In actuality, defendant has filed three motions for summary judgment, and plaintiff has responded in opposition to each motion. Because there is significant overlap between the motions, the court will treat the outstanding motions as one motion for summary judgment for purposes of this opinion.

This action arises out of the parties' involvement in the construction of the Red Hills Power Plant in Ackerman, Mississippi. Beginning in 1998, defendant Alstom was awarded a contract to design, manufacture and deliver two CFB boilers to the Red Hills Project, and Alstom, in turn, hired NV Gouda Vuurvast (Gouda) as a subcontractor to design, supply and install the refractory system for the two boilers. In July 2000, Gouda contracted with plaintiff MSI to assist with the refractory installation. In August 2000, after having become dissatisfied with Gouda's work, Alstom terminated its contract with Gouda and approached MSI about completing the refractory project.

MSI was reluctant to take on the project, because Gouda owed it approximately $800,000 for materials and services and this unpaid debt was making it difficult for MSI to cover its payroll. Alstom, however, was anxious for MSI to stay on the project and complete the work in order to avoid significant financial penalties which would be incurred if the project was not completed on schedule. MSI ultimately agreed to remain on the project and complete the refractory installation, and the parties agreed to three conditions designed to alleviate MSI's financial concerns. First, Alstom agreed to a "time and materials" contract, rather than its standard lump-sum contract. Second, Alstom allowed MSI to submit invoices on a bi-weekly basis and agreed to pay all invoices within fifteen days of submission. Third, Alstom submitted a payment of $700,000 to MSI. The issue presented by this litigation is the effect, or purpose, of this $700,000 payment.

According to MSI, Alstom represented that it would pay MSI the debt of over $800,000 which Gouda owed MSI in exchange for MSI's agreement to continue working on the refractory installation. MSI submits that it understood the $700,000 paid by Alstom to MSI up front represented partial payment of Gouda's debt. Alstom, on the other hand, asserts that the $700,000 was an advance against future work by MSI, and was paid only to alleviate MSI's immediate cash flow problems while MSI sought collection of the unpaid debt from Gouda. As such, when MSI completed its work in November 2000 and submitted its final invoice to Alstom for payment, Alstom applied the $700,000 advance to the final invoice.

Alstom claims that it determined that several questionable or incorrect billings were present on MSI's final invoice, and that after applying the $700,000 advance, it found that MSI owed Alstom approximately $35,000. Alstom has filed a counterclaim in this action for recovery of that amount. Alstom is not seeking summary judgment on its counterclaim.

On August 12, 2004, MSI filed this action against Alstom seeking damages in the amount of $889,000 for breach of contract, or alternatively, under theories of quantum meruit and negligent and/or intentional misrepresentation. Alstom has moved for summary judgment as to each of these claims.

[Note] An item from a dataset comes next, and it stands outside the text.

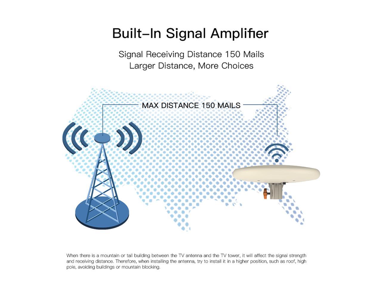 - Up to 150 miles range and watch what you want:up to 150miles depends on it is in the open area witout trees ,mountains blocking the signals. This 150 miles range HDTV antennae enables you to watch local broadcast channels with high definition for free with clearer picture, low noise and access to more free broadcast.
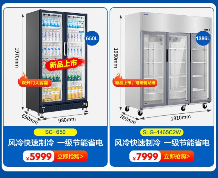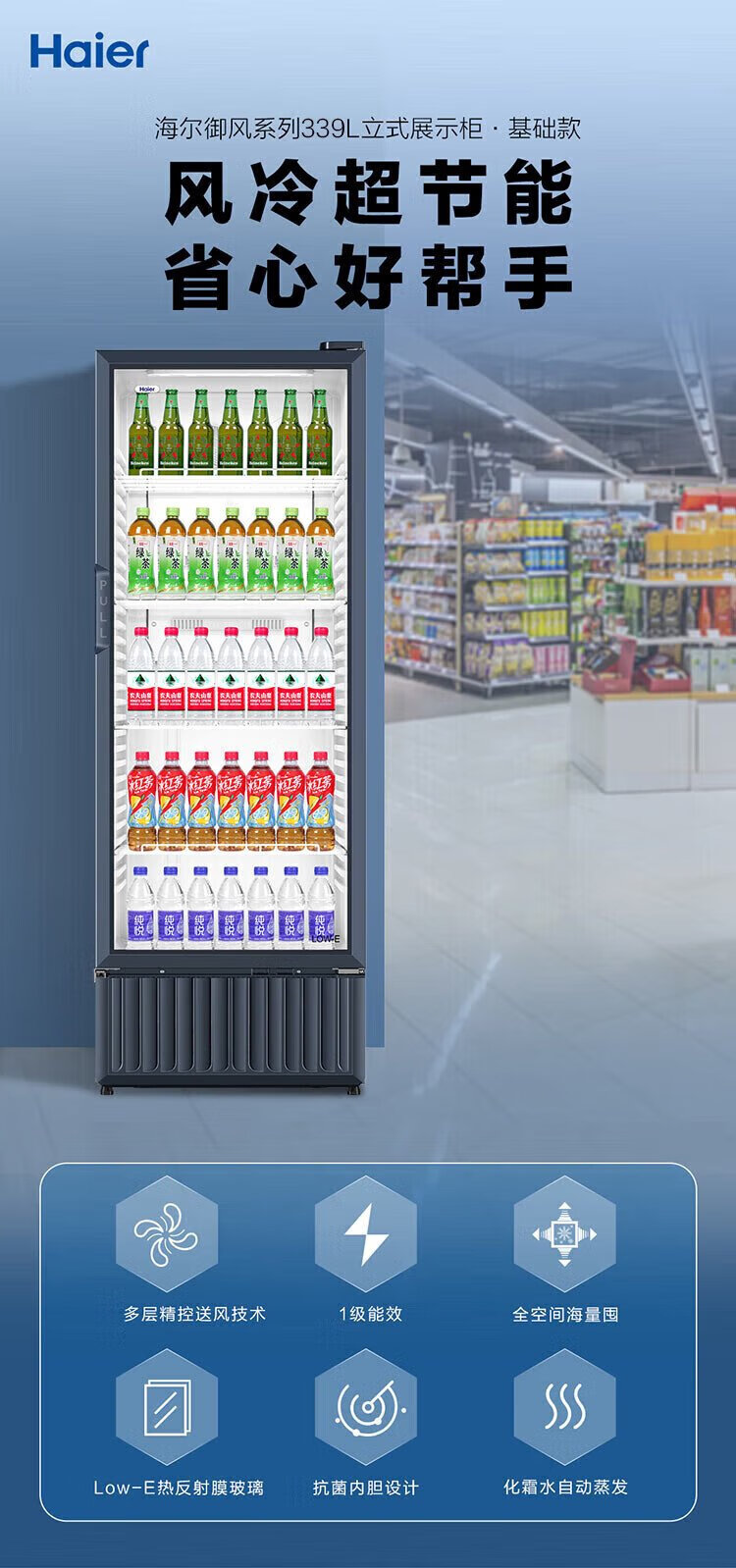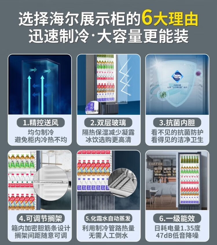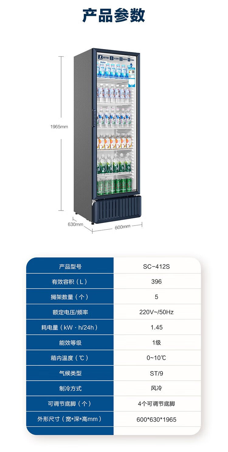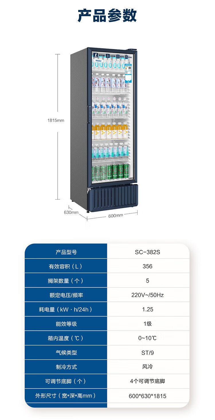 Haier air-cooled frost-free display cabinet commercial first-class energy-efficiency refrigerated fresh-keeping cabinet vertical beverage cabinet fruit and vegetable fresh-keeping cabinet transparent glass door supermarket convenience store refrigerator beer 239 liters / four-story height 1.51 meters / approximately 143 bottles 239 liters

The court notes that following Gouda's termination, it filed suit against Alstom and MSI, alleging claims of breach of contract and fraud. In accordance with the contract provisions, Gouda's claims against Alstom were submitted for arbitration, conducted by the International Court of Arbitration in Geneva, Switzerland. Because MSI's contract with Gouda did not contain an arbitration provision, MSI did not participate in arbitration, but instead, assigned its claims against Gouda for unpaid goods and services to Alstom. The arbitrators declined to accept jurisdiction over the assigned claims. MSI subsequently filed this action against Alstom.

Breach of Contract

MSI alleges that Alstom orally agreed to pay MSI more than $800,000 for the work MSI had performed under its contract with Gouda in order to induce MSI to continue work on the project, and that Alstom then breached this oral contract by thereafter purporting to treat the $700,000 payment as an advance against the balance claimed by MSI for the work it subsequently performed, i.e., the work performed after Gouda's termination and after Alstom induced MSI to remain on the job.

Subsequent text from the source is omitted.